[Start of section]

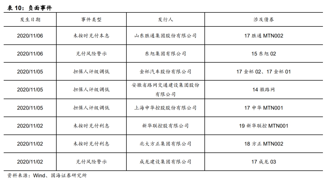 本期负面事件有(1)山东胜通集团股份有限公司未按时兑付本息、(2)东旭集团有限公司兑付风险警示、(3)金杯汽车股份有限公司担保人评级调低、(4)安徽省路网交通建设集团股份有限公司担保人评级调低、(5)上海申华控股股份有限公司担保人评级调低、(6)新华联控股有限公司未按时兑付利息、(7)北大方正集团有限公司未按时兑付利息、(8)成龙建设集团有限公司兑付风险警示。
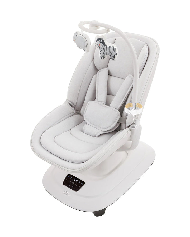 "هدوء وترفيه من كل زاوية - قم بتدوير المهد 360 بسهولة° لراحة الأطفال المضطربين أو إشراك المستكشفين الفضوليين.اختر من بين 5 سرعات هزازة سلسة و3 أوضاع للحركة (التمرير/الضغط/التشغيل) مع محرك هادئ للغاية – مثالية لوقت القيلولة أو وقت اللعب دون إزعاج المنزل.
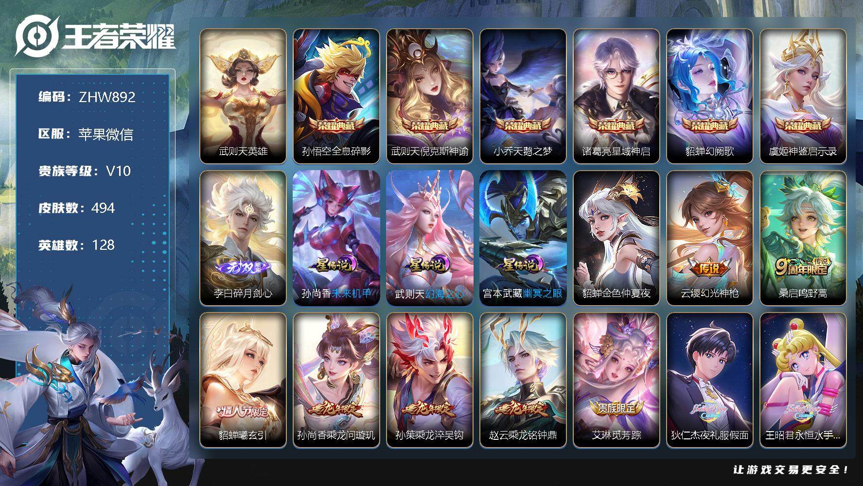 [13121496]苹果WX-V10-128英雄-494皮肤-7水+1小兵-44传说-167史诗-4星元 【英雄全皮】:姜子牙全皮,刘邦全皮,钟馗全皮,太乙真人全皮,猪八戒全皮,蒙恬全皮,空空儿全皮,影全皮 【荣耀典藏】:武则天英雄,孙悟空全息碎影,武则天倪克斯神谕,小乔天鹅之梦,诸葛亮星域神启,貂蝉幻阙歌,虞姬神鉴启示录 【无双皮肤】:李白碎月剑心 【传说皮肤】:后羿神树通天,云缨幻光神枪,桑启鸣野蒿,貂蝉曦玄引,孙尚香乘龙问璇玑,孙策乘龙淬吴钩,赵云乘龙铭钟鼎,艾琳觅芳踪,狄仁杰夜礼服假面,王昭君永恒水手月亮,东皇太一灼幽烈阳,诸葛亮鹤羽星尊,澜电玩雷克斯,孙悟空齐天大圣,小乔山海琳琅生,曜山海苍雷引,李信山海炽霜斩,吕布怒海麟威,百里守约碎云,蔡文姬花朝如约,裴擒虎寅虎赤拳,鲁班七号寅虎瑞焰,貂蝉遇见胡旋,赵云淬星耀世,王昭君乞巧织情,西施游龙清影,公孙离祈雪灵祝,铠绛天战甲,镜炽阳神光,虞姬启明星使,孙悟空零号赤焰,曜云鹰飞将,伽罗太华,貂蝉猫影幻舞,张良黄金白羊座,干将莫邪久胜战神,虞姬云霓雀翎,花木兰冠军飞将,梦奇胖达荣荣,后羿黄金射手座,貂蝉仲夏夜之梦,孙尚香末日机甲,宫本武藏地狱之眼,武则天海洋之心 【限定皮肤】:白起狰,蔡文姬夏日便利店,大乔绒语心约,虞姬夏日便利店,姜子牙天穹之誓,杨戬破阵退雄兵,李白谪仙醉月,狄仁杰阴阳师,廉颇寅虎御盾,小乔山海琳琅生,赵云皇家上将,赵云引擎之心,赵云百木心枪,墨子神迹守卫,妲己时之奇旅,嬴政优雅恋人,嬴政白昼王子,鲁班七号狮舞东方,鲁班七号寅虎瑞焰,庄周高山流水,高渐离死亡摇滚,高渐离玩趣恶龙,阿轲迷踪丽影,钟无艳王者之锤,钟无艳超时空战士,孙膑天狼运算者,孙膑寅虎展翼,扁鹊奇幻香踪,白起夜都怪侠,芈月重明,芈月白晶晶,芈月幻夜卜梦,吕布猎兽之王,吕布御风骁将,周瑜赤莲之焰,元歌云间偶戏,元歌无心,夏侯惇朔风刀,夏侯惇匿光决锋者,甄姬女儿国国王,甄姬游园惊梦,甄姬落雪兰心,曹操烛龙,典韦穷奇,典韦蓝屏警告,典韦岱宗,马可波罗逐梦之星,马可波罗暗影游猎,马可波罗山海玄木吟,狄仁杰魔术师,狄仁杰万华元夜,达摩星际陆战队,达摩沙漠行僧,项羽海滩派对,老夫子醍醐杖,老夫子航海奇遇记,关羽百相守梦,貂蝉逐梦之音,貂蝉遇见胡旋,程咬金演武夺筹,刘邦夺宝奇兵,韩信飞衡,韩信傲雪梅枪,王昭君午后时光,兰陵王驯魔猎人,兰陵王金庭之子,花木兰青春决
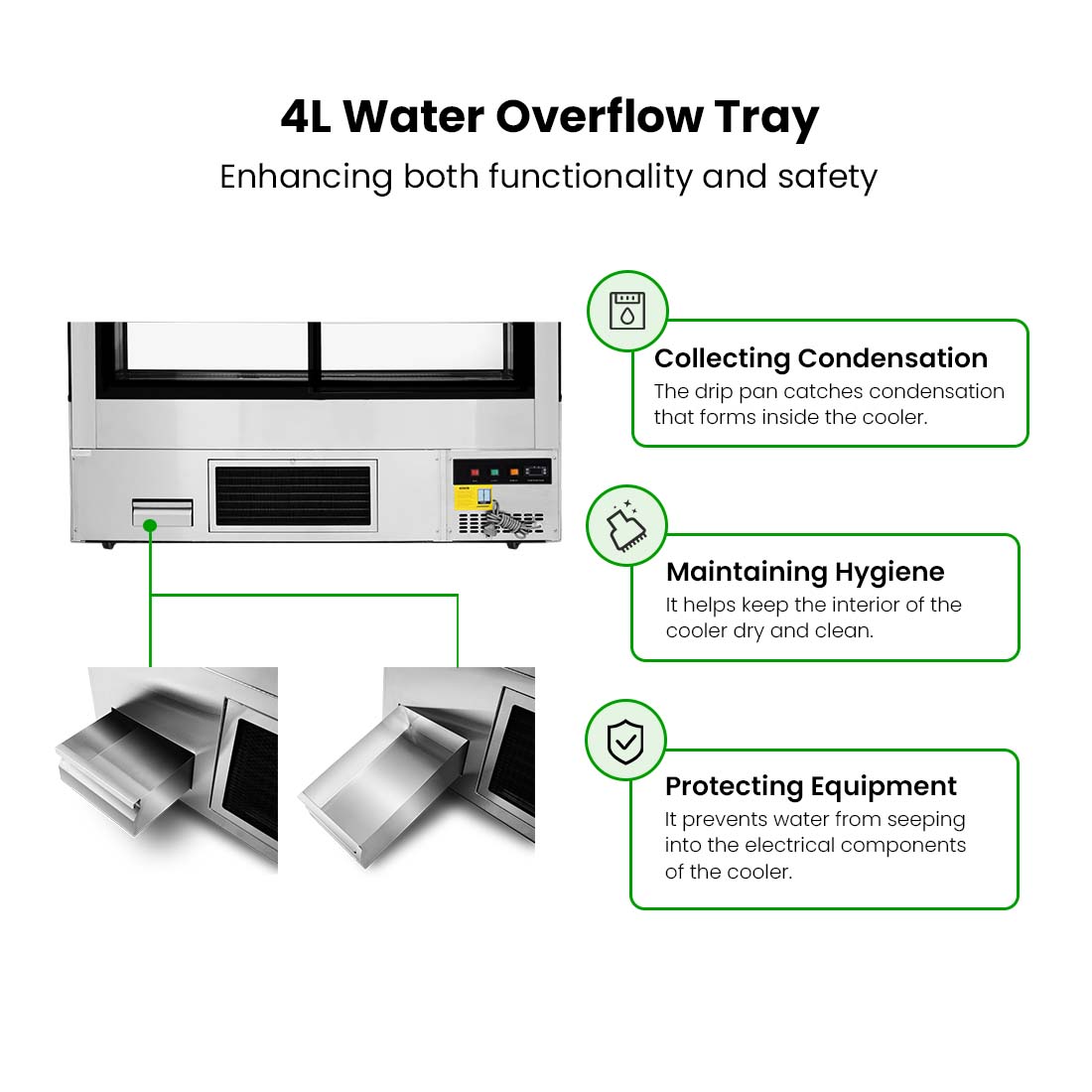 • Tempered ITO heated glass: Prevents fogging for clear visibility
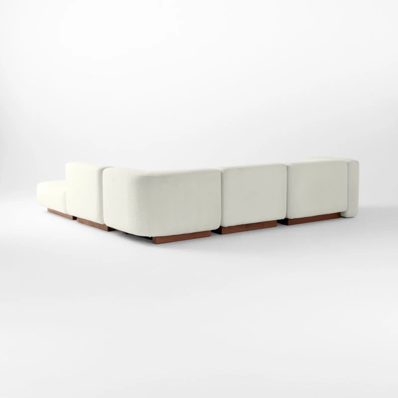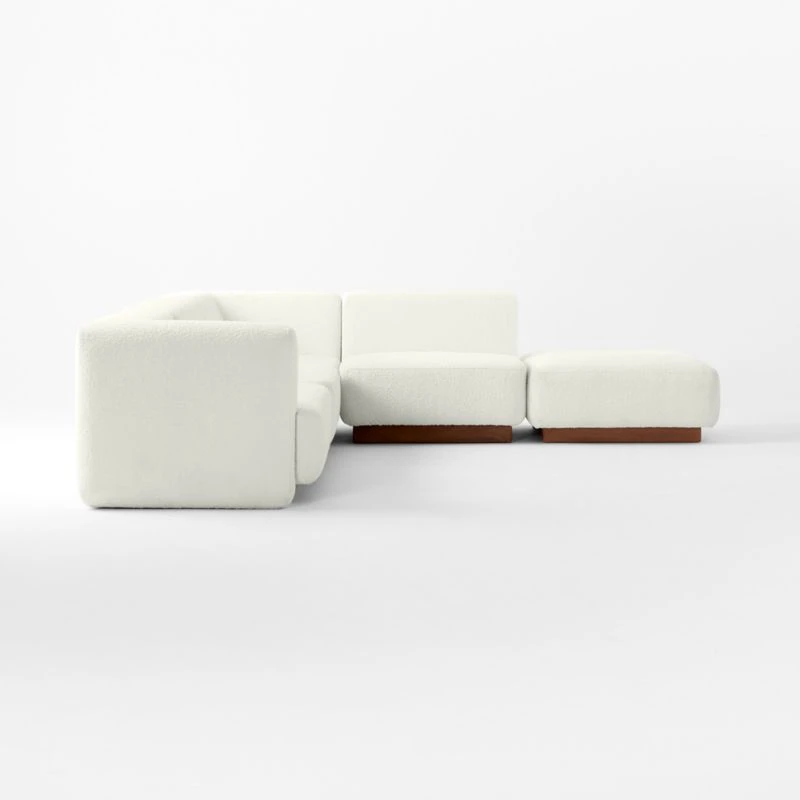 Designed by Lawson-Fenning, the Terrain furniture collection consists of modular pieces that can be arranged to create different environments. Sectional sofa features plush bouclé upholstery. Walnut base, certified sustainable by the Forest Stewardship Council ®, reveals warm tones and striations that vary from piece to piece. Includes left-armed chair, two armless chairs, corner chair and ottoman that come together as one. CB2 exclusive.

[End of section]

Task goal ▸ Return, exactly as they stand, all of the lines above, but not the pictures.

Result of the exercise ▸
 本期负面事件有(1)山东胜通集团股份有限公司未按时兑付本息、(2)东旭集团有限公司兑付风险警示、(3)金杯汽车股份有限公司担保人评级调低、(4)安徽省路网交通建设集团股份有限公司担保人评级调低、(5)上海申华控股股份有限公司担保人评级调低、(6)新华联控股有限公司未按时兑付利息、(7)北大方正集团有限公司未按时兑付利息、(8)成龙建设集团有限公司兑付风险警示。
 "هدوء وترفيه من كل زاوية - قم بتدوير المهد 360 بسهولة° لراحة الأطفال المضطربين أو إشراك المستكشفين الفضوليين.اختر من بين 5 سرعات هزازة سلسة و3 أوضاع للحركة (التمرير/الضغط/التشغيل) مع محرك هادئ للغاية – مثالية لوقت القيلولة أو وقت اللعب دون إزعاج المنزل.
 [13121496]苹果WX-V10-128英雄-494皮肤-7水+1小兵-44传说-167史诗-4星元 【英雄全皮】:姜子牙全皮,刘邦全皮,钟馗全皮,太乙真人全皮,猪八戒全皮,蒙恬全皮,空空儿全皮,影全皮 【荣耀典藏】:武则天英雄,孙悟空全息碎影,武则天倪克斯神谕,小乔天鹅之梦,诸葛亮星域神启,貂蝉幻阙歌,虞姬神鉴启示录 【无双皮肤】:李白碎月剑心 【传说皮肤】:后羿神树通天,云缨幻光神枪,桑启鸣野蒿,貂蝉曦玄引,孙尚香乘龙问璇玑,孙策乘龙淬吴钩,赵云乘龙铭钟鼎,艾琳觅芳踪,狄仁杰夜礼服假面,王昭君永恒水手月亮,东皇太一灼幽烈阳,诸葛亮鹤羽星尊,澜电玩雷克斯,孙悟空齐天大圣,小乔山海琳琅生,曜山海苍雷引,李信山海炽霜斩,吕布怒海麟威,百里守约碎云,蔡文姬花朝如约,裴擒虎寅虎赤拳,鲁班七号寅虎瑞焰,貂蝉遇见胡旋,赵云淬星耀世,王昭君乞巧织情,西施游龙清影,公孙离祈雪灵祝,铠绛天战甲,镜炽阳神光,虞姬启明星使,孙悟空零号赤焰,曜云鹰飞将,伽罗太华,貂蝉猫影幻舞,张良黄金白羊座,干将莫邪久胜战神,虞姬云霓雀翎,花木兰冠军飞将,梦奇胖达荣荣,后羿黄金射手座,貂蝉仲夏夜之梦,孙尚香末日机甲,宫本武藏地狱之眼,武则天海洋之心 【限定皮肤】:白起狰,蔡文姬夏日便利店,大乔绒语心约,虞姬夏日便利店,姜子牙天穹之誓,杨戬破阵退雄兵,李白谪仙醉月,狄仁杰阴阳师,廉颇寅虎御盾,小乔山海琳琅生,赵云皇家上将,赵云引擎之心,赵云百木心枪,墨子神迹守卫,妲己时之奇旅,嬴政优雅恋人,嬴政白昼王子,鲁班七号狮舞东方,鲁班七号寅虎瑞焰,庄周高山流水,高渐离死亡摇滚,高渐离玩趣恶龙,阿轲迷踪丽影,钟无艳王者之锤,钟无艳超时空战士,孙膑天狼运算者,孙膑寅虎展翼,扁鹊奇幻香踪,白起夜都怪侠,芈月重明,芈月白晶晶,芈月幻夜卜梦,吕布猎兽之王,吕布御风骁将,周瑜赤莲之焰,元歌云间偶戏,元歌无心,夏侯惇朔风刀,夏侯惇匿光决锋者,甄姬女儿国国王,甄姬游园惊梦,甄姬落雪兰心,曹操烛龙,典韦穷奇,典韦蓝屏警告,典韦岱宗,马可波罗逐梦之星,马可波罗暗影游猎,马可波罗山海玄木吟,狄仁杰魔术师,狄仁杰万华元夜,达摩星际陆战队,达摩沙漠行僧,项羽海滩派对,老夫子醍醐杖,老夫子航海奇遇记,关羽百相守梦,貂蝉逐梦之音,貂蝉遇见胡旋,程咬金演武夺筹,刘邦夺宝奇兵,韩信飞衡,韩信傲雪梅枪,王昭君午后时光,兰陵王驯魔猎人,兰陵王金庭之子,花木兰青春决
 • Tempered ITO heated glass: Prevents fogging for clear visibility
 Designed by Lawson-Fenning, the Terrain furniture collection consists of modular pieces that can be arranged to create different environments. Sectional sofa features plush bouclé upholstery. Walnut base, certified sustainable by the Forest Stewardship Council ®, reveals warm tones and striations that vary from piece to piece. Includes left-armed chair, two armless chairs, corner chair and ottoman that come together as one. CB2 exclusive.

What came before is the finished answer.